━━ THE RECORDS ━━

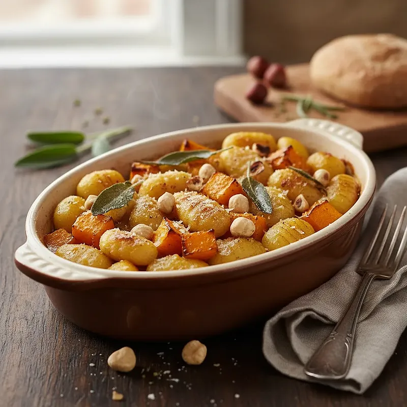 Place the dish back in the oven preheated to 200°C and bake for another 15-20 minutes. The dish is ready when the gnocchi are fluffy, slightly browned, and crispy on the edges. The pumpkin should be completely soft and gently caramelized.
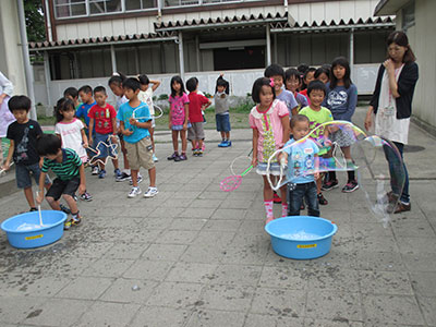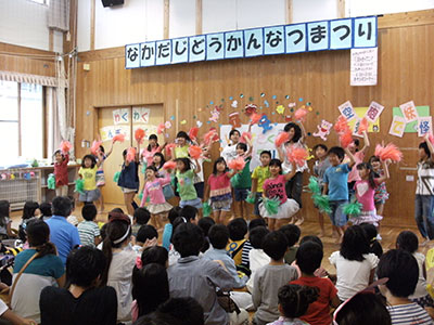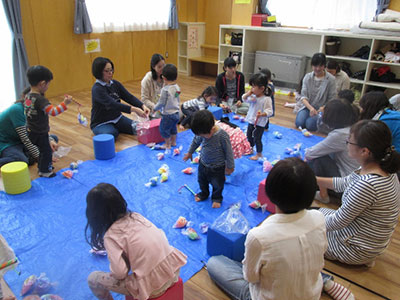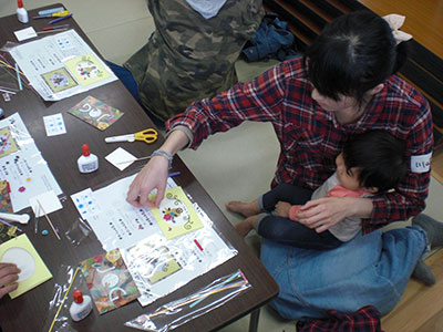 2015/08/29今年も乳幼児親子対象の児童館まつりを行いました。当日は雨で肌寒い天候でしたが、多くの方が来てくれました。小学生によるダンス「おっす!イスのおうえんだん」のオープニングから始まり、迷路、釣り堀、パクパク工作、ブレスレット工作、おみくじ、輪投げのコーナーを楽しみ、くじ引き抽選会で終えました。各コーナーとも盛況で親子で楽しんでいました。また、まつりのスタッフは、地域の方々(子育て支援クラブ・民生委員児童委員)、大学生(3大学)、小学生(1~5年生)の協力をいただきました。まつり後のアンケートでは、みんな楽しかった、来年も参加したい、大人も楽しめるコーナーがよかった等の意見がありました。
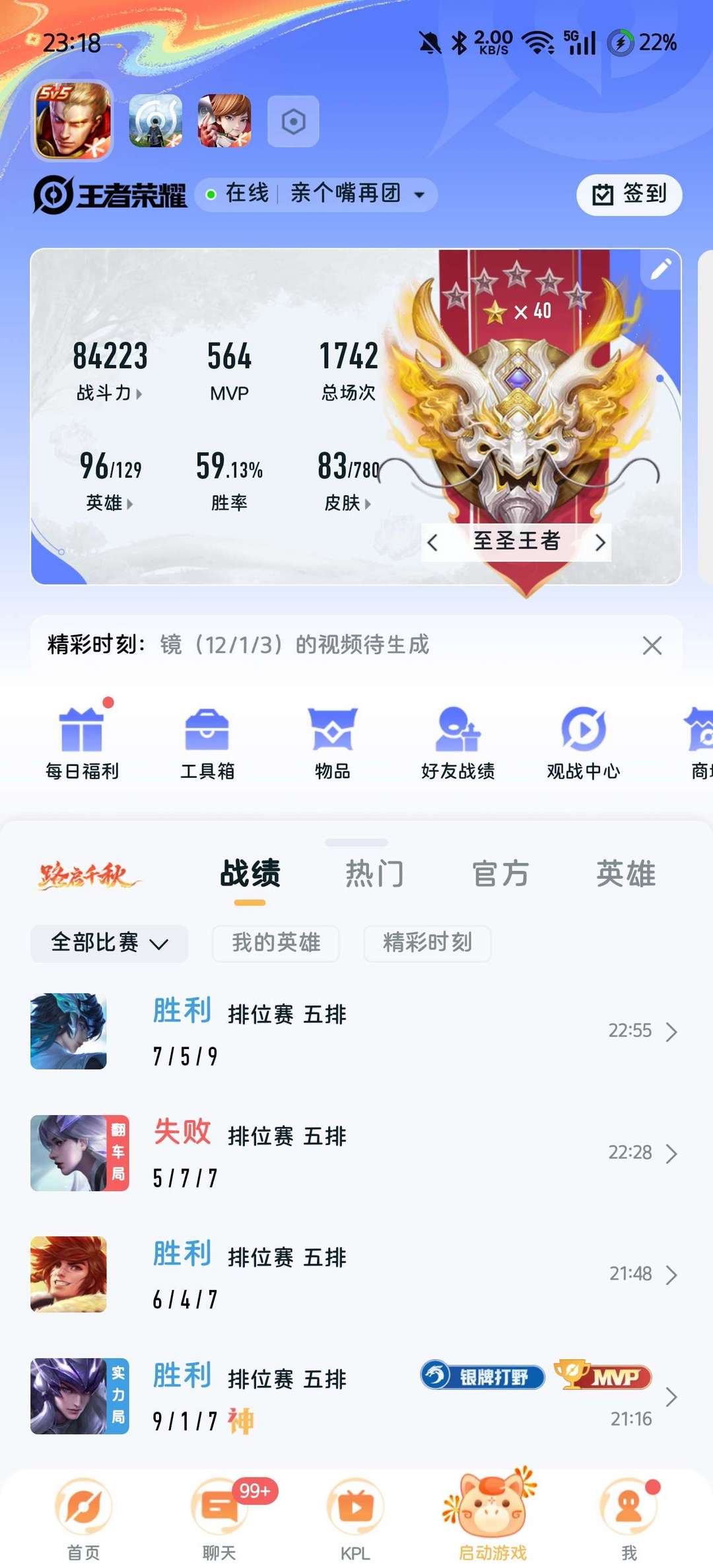 限制: 租号2次及以上 | 撤单率<80%才可租用此帐号装备描述:镜9943战力,现巅峰1718,排位绝世王者38星,可以打排位,可以打巅峰赛,禁止恶意挂机,恶意发表言论,违者必究!!!按键可以换一个布局方案调,账号优质,欢迎来玩
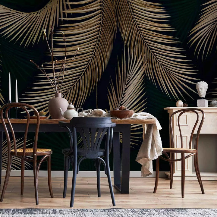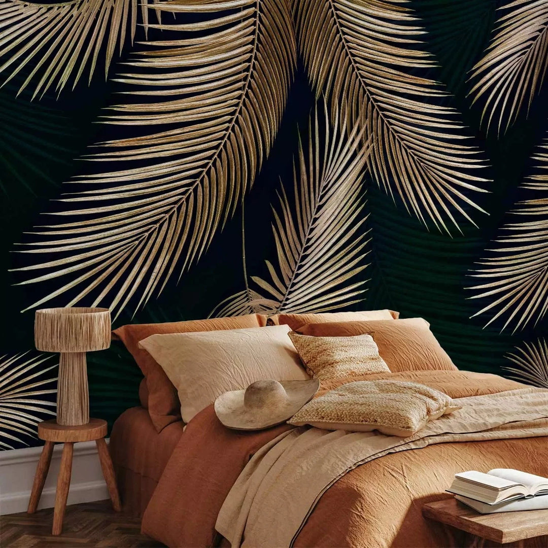 Valokuvatapetti - Eksoottinen kasvillisuus - palmunlehti kuvio hienovaraisissa väreissä - 142253
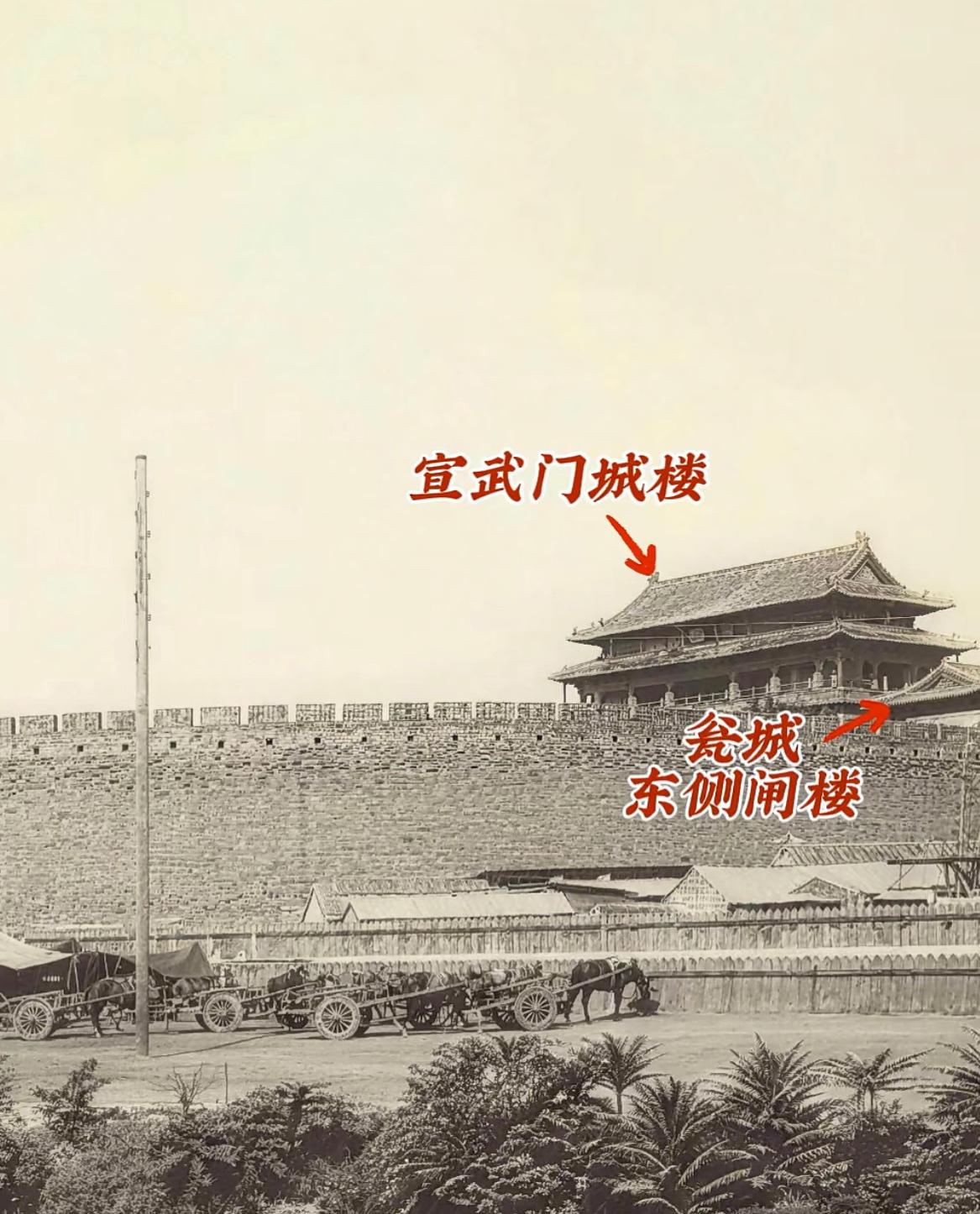 老照片:约1916年,北京内城宣武门全景。 当时清朝刚刚灭亡没几年,宣武门城墙下除了房屋,还搭着一些帐篷,有不少马车停着,应该是驾驶马车进北京时的最后一个休息站。 老照片 北京

━━━

YOUR TASK = Keeping pictures out, repeat exactly the lines from the one containing "限制: 租号2次及以上 |" through the end of the listing.

WRITTEN RESPONSE =
 限制: 租号2次及以上 | 撤单率<80%才可租用此帐号装备描述:镜9943战力,现巅峰1718,排位绝世王者38星,可以打排位,可以打巅峰赛,禁止恶意挂机,恶意发表言论,违者必究!!!按键可以换一个布局方案调,账号优质,欢迎来玩
 Valokuvatapetti - Eksoottinen kasvillisuus - palmunlehti kuvio hienovaraisissa väreissä - 142253
 老照片:约1916年,北京内城宣武门全景。 当时清朝刚刚灭亡没几年,宣武门城墙下除了房屋,还搭着一些帐篷,有不少马车停着,应该是驾驶马车进北京时的最后一个休息站。 老照片 北京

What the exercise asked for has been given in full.